Q.6 Students taking an exam are divided into two groups, P and Q such that each group has the same
number of students. The performance of each of the students in a test was evaluated out of 200
marks. It was observed that the mean of group P was 105, while that of group Q was 85. The
standard deviation of group P was 25, while that of group Q was 5. Assuming that the marks were
distributed on a normal distribution, which of the following statements will have the highest
probability of being TRUE?
(A) No student in group Q scored less marks than any student in group P.
(B) No student in group P scored less marks than any student in group Q.
(C) Most students of group Q scored marks in a narrower range than students in group P.
(D) The median of the marks of group P is 100.

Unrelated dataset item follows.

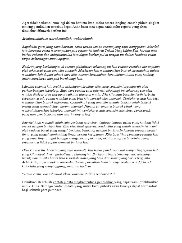 contoh soal dan contoh pidato lengkap : Contoh Pidato Singkat Tentang Pendidikan Di Era Globalisasi

Two student groups, P and Q, share equal sizes with normally distributed marks out of 200: P has mean 105 and SD 25, Q has mean 85 and SD 5. Lower SD means tighter clustering around the mean, making option C most probable.
Option A Analysis
Option A claims no Q student scored below any P student, implying all Q marks exceed P’s lowest. P’s range spans roughly 105 – 3×25 = 30 to 105 + 3×25 = 180 (covering 99.7% of students), so lowest P scores near 30. Q’s tight range is 85 ± 15 (70-100), overlapping P’s low end heavily. Overlap probability exceeds 50%, so A is unlikely.
Option B Analysis
Option B states no P student scored below any Q student, or all P exceed Q’s highest. Q’s range reaches ~100, while P drops to ~30, creating massive overlap. With P’s wide spread, many P students score below Q’s mean of 85. This has near-zero probability.
Option C Analysis
Option C says most Q students scored in a narrower range than P. SD directly measures spread: Q’s SD 5 vs P’s 25 means ~68% of Q within 80-90, ~68% of P within 80-130. For normal distributions, lower SD guarantees most data clusters tighter around its mean, holding regardless of means. This is virtually certain (~100% probability).
Option D Analysis
Option D claims P’s median is 100. Normal distributions set median = mean = 105 exactly. No variation occurs, making D false always.
Correct Answer
C has the highest probability of being true, as standard deviation defines data dispersion in normal distributions.